Azerbaijan next week will garner much of the attention of the climate tech world, and not just because it will host COP29, the United Nation’s giant annual climate change conference. The country is promoting a grand, multi-nation plan to generate renewable electricity in the Caucasus region and send it thousands of kilometers west, under the Black Sea, and into energy–hungry Europe.

The transcontinental connection would start with wind, solar, and hydropower generated in Azerbaijan and Georgia, and off-shore wind power generated in the Caspian Sea. Long-distance lines would carry up to 1.5 gigawatts of clean electricity to Anaklia, Georgia, at the east end of the Black Sea. An undersea cable would move the electricity across the Black Sea and deliver it to Constanta, Romania, where it could be distributed further into Europe.

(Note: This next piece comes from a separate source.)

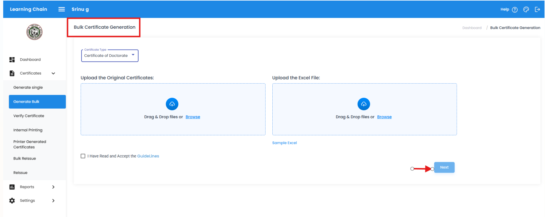 Note: We can also secure 'N' number of certificates into the Blockchain by using Generate Bulk Module. Here we need to upload the pdf file and also the respective meta data in Excel format as shown below.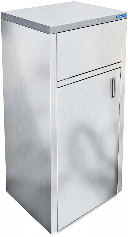 KAYMAN ССО-212/0605 предназначается для сбора, сортировки и временного хранения пищевых отходов, одноразовой посуды и упаковочной бумаги от продуктов. Контейнер поставляется на 4 колесах, объем - 110 л. Материал корпуса - нержавеющая сталь AISI 430, столешница усилена листом ЛДСП (16 мм).

The scheme’s proponents say this Caspian-Black Sea energy corridor will help decrease global carbon emissions, provide dependable power to Europe, modernize developing economies at Europe’s periphery, and stabilize a region shaken by war. Organizers hope to build the undersea cable within the next six years at an estimated cost of €3.5 billion (US $3.8 billion).

To accomplish this, the governments of the involved countries must quickly circumvent a series of technical, financial, and political obstacles. “It’s a huge project,” says Zviad Gachechiladze, a director at Georgian State Electrosystem, the agency that operates the country’s electrical grid, and one of the architects of the Caucasus green-energy corridor. “To put it in operation [by 2030]—that’s quite ambitious, even optimistic,” he says.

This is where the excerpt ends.